Exercise instructions:
Excluding pictures, reproduce word for word the lines from the one containing "шопка в Гаях Шевченківських" through the end of the material below.

Records shown:
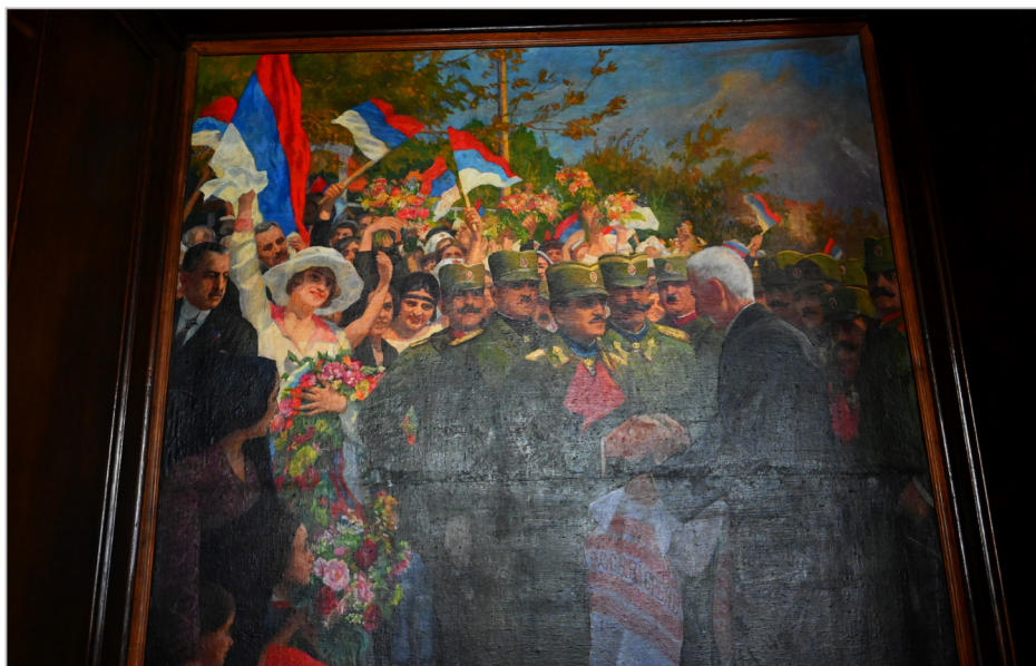
Monumentalni sliki "Proglasenje Kraljevine SHS", edina slika "ujedinjenja" (združitve) jugoslovanskih narodov v Kraljevino Srbov, Hrvatov in Slovencev 1. decembra 1918, in slika "Doček Kralja Aleksandra" 26
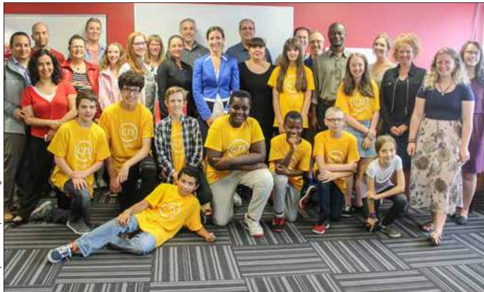
Photographie réunissant les participants, les organisateurs et les partenaires du projet.

Rappelons de la CJS de l'Ouest dessert maintenant les territoires de Sainte-Foy, Sillery, Cap-Rouge, L'Ancienne-Lorette et Saint-Augustin-de-Desmaures et offre des services depuis le mois de juillet jusqu'à la mi-août. ■
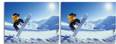
2ms GtG response time > 2ms GtG response time

SmartResponse es una tecnología de mejora exclusiva de Philips que cuando se activa, ajusta automáticamente los tiempos de respuesta a las necesidades de una aplicación específica como los juegos y las películas que requieren tiempos de respuesta más rápidos para producir imágenes sin vibraciones, sin retardo y sin imágenes fantasma
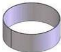
Anel de Reforço
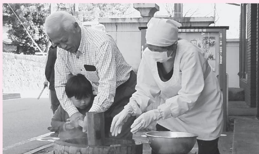
▶手伝ってもらいながら杵をふるいました(12月2日 吉井公会堂前)
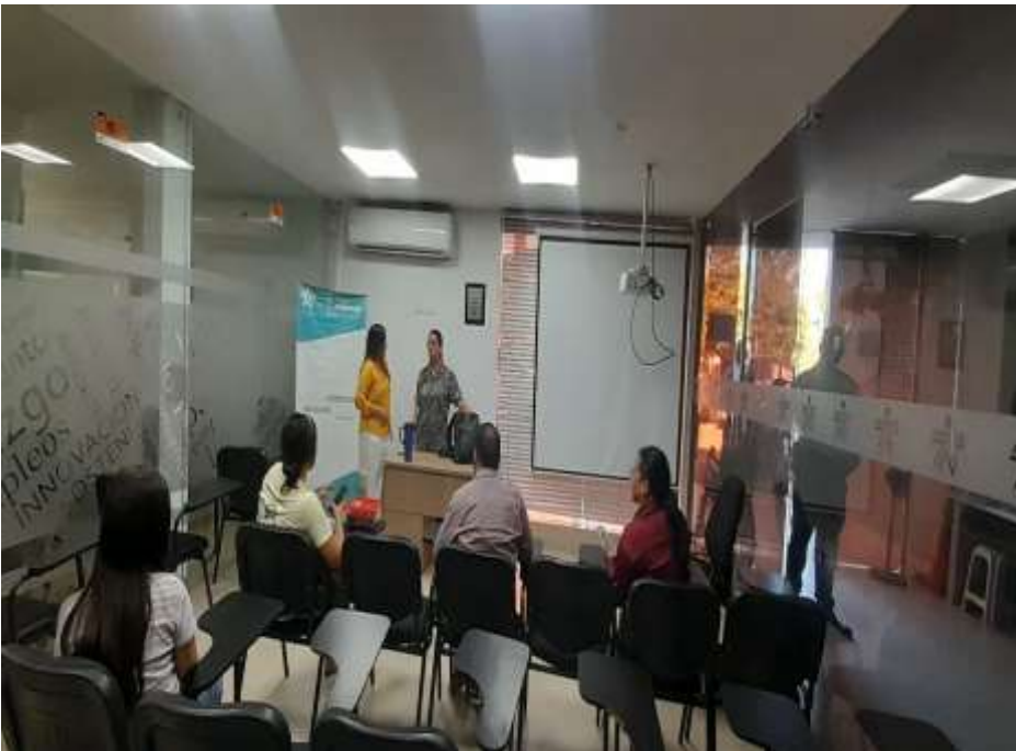
Ilustración: Taller de Ideación

ACTIVIDAD N°4 Evidencia correspondiente a: Formular los planes de negocio de los usuarios de su propia gestión y los que le sean asignadas por el Centro de Desarrollo Empresarial y la Regional
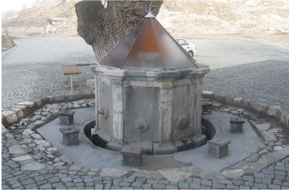
Resim 11: Kuzey Cephenin önü, şadırvan
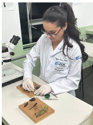
Figura 3 – Processo de separação e montagem provisória dos exemplares coletados.

Após as coletas, os espécimes foram preparados para montagem de acordo com suas características morfológicas. Insetos de corpo rígido foram fixados com alfinetes entomológicos atravessando o tórax sobre base de isopor ou cortiça. Espécimes delicados, diminutos ou de corpo mole foram preservados em álcool 70% (figura 3).
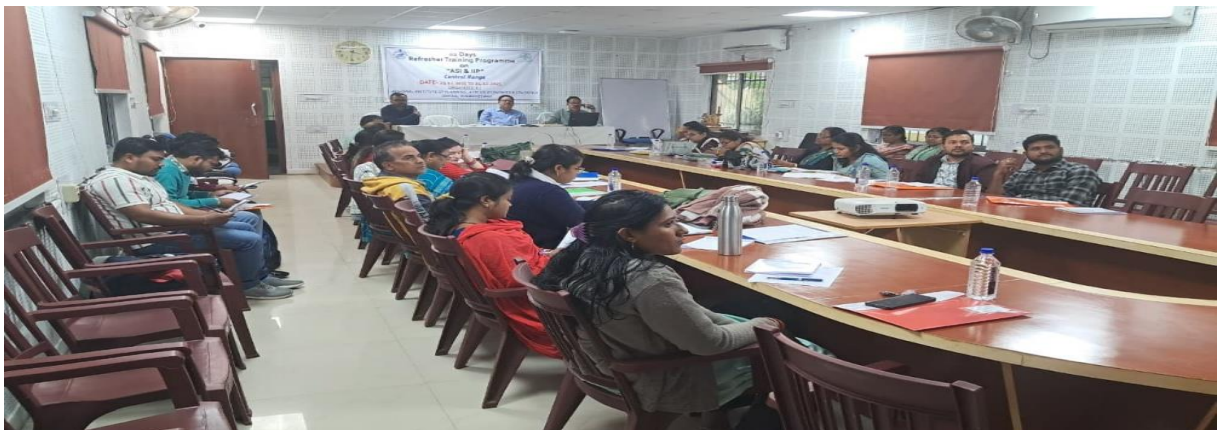
ASI ଏବଂ IIP ସମ୍ପନ୍ନୀୟ ରିପୋର୍ଟର ପ୍ରଶିକ୍ଷଣ

୧୦.୩୨ IIP (Index of Industrial Production) ୨୦୨୧-୨୨ ରିପୋର୍ଟ ପ୍ରକାଶ ପାଇଛି ।
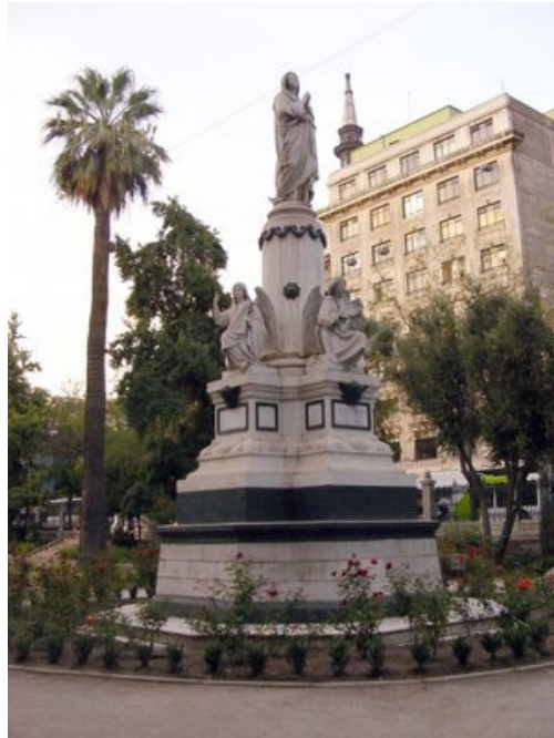
Vista actual del monumento en los jardines de la plaza.

Así pues, el conjunto original quedó repartido entre los dos monumentos. Y los dos, a su vez, son para las víctimas del incendio.
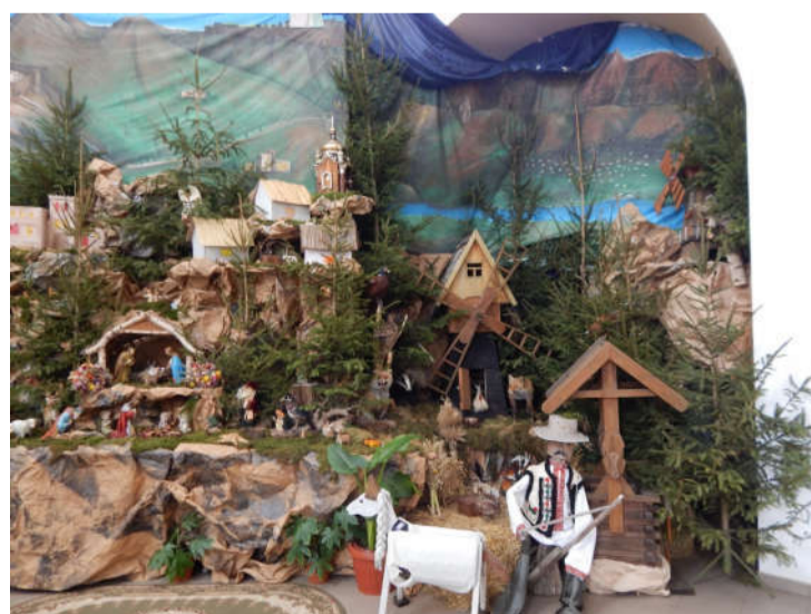
шопка в Гаях Шевченківських
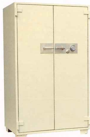
S-10 ①TS ¥342,000 外寸法/1,056W×641D×1,810H 内寸法/916W×472D×1,590H 内容積/687Q 重量/505kg 附属品/棚板4枚
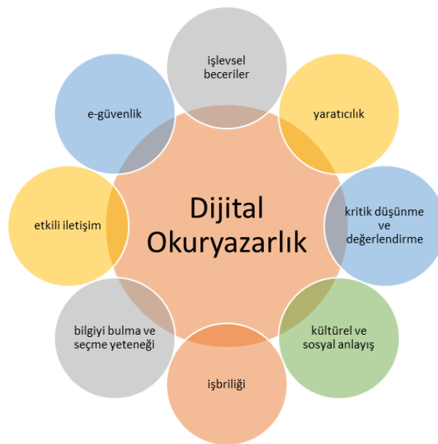
Şekil 2.3. Dijital okuryazarlığın bileşenleri

Şekil 2.3'te gösterildiği gibi dijital okuryazarlık bileşenlerini sekiz farklı bileşen olarak ele almışlardır (Payton ve Hague, 2010, s.19),
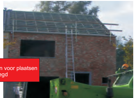
Daktimmerwerken: panlatten voor plaatsen van dakpannen worden gelegd
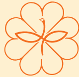
民生委員・児童委員のマーク
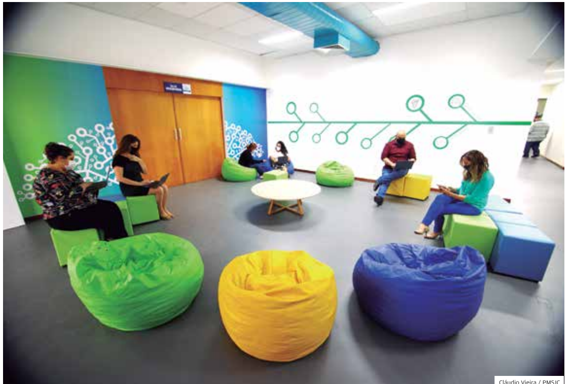
Cláudio Vieira / PMSJC

Em parceria com a Unesp (Universidade Estadual Paulista), a Prefeitura irá oferecer uma Pós Graduação (lato sensu) em Educação 5.0, ensino híbrido e metodologias ativas para mais de 2.600 professores efetivos. O curso tem duração de 24 meses e será realizado durante os HTC's.
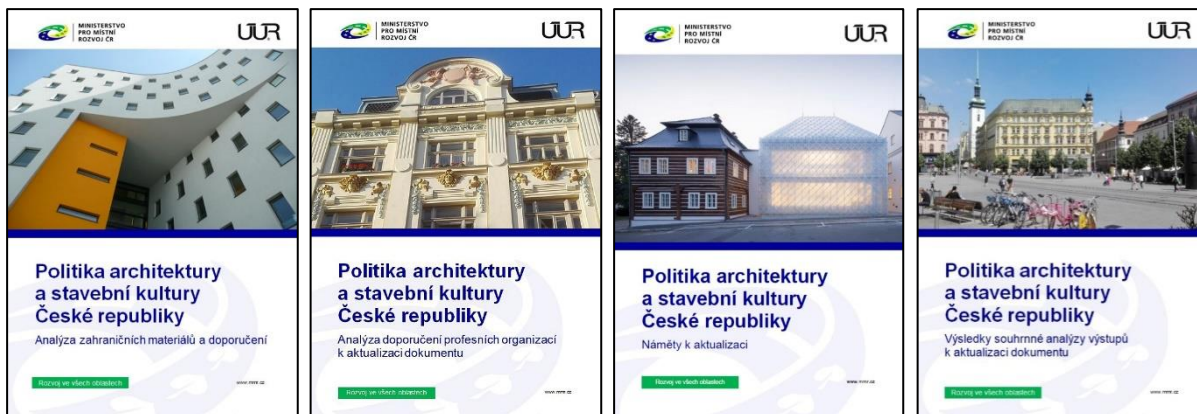
Obr. 1 – Politika architektury a stavební kultury České republiky – Analýza zahraničních materiálů a doporučení

Written answer:
шопка в Гаях Шевченківських
S-10 ①TS ¥342,000 外寸法/1,056W×641D×1,810H 内寸法/916W×472D×1,590H 内容積/687Q 重量/505kg 附属品/棚板4枚
Şekil 2.3. Dijital okuryazarlığın bileşenleri

Şekil 2.3'te gösterildiği gibi dijital okuryazarlık bileşenlerini sekiz farklı bileşen olarak ele almışlardır (Payton ve Hague, 2010, s.19),
Daktimmerwerken: panlatten voor plaatsen van dakpannen worden gelegd
民生委員・児童委員のマーク
Cláudio Vieira / PMSJC

Em parceria com a Unesp (Universidade Estadual Paulista), a Prefeitura irá oferecer uma Pós Graduação (lato sensu) em Educação 5.0, ensino híbrido e metodologias ativas para mais de 2.600 professores efetivos. O curso tem duração de 24 meses e será realizado durante os HTC's.
Obr. 1 – Politika architektury a stavební kultury České republiky – Analýza zahraničních materiálů a doporučení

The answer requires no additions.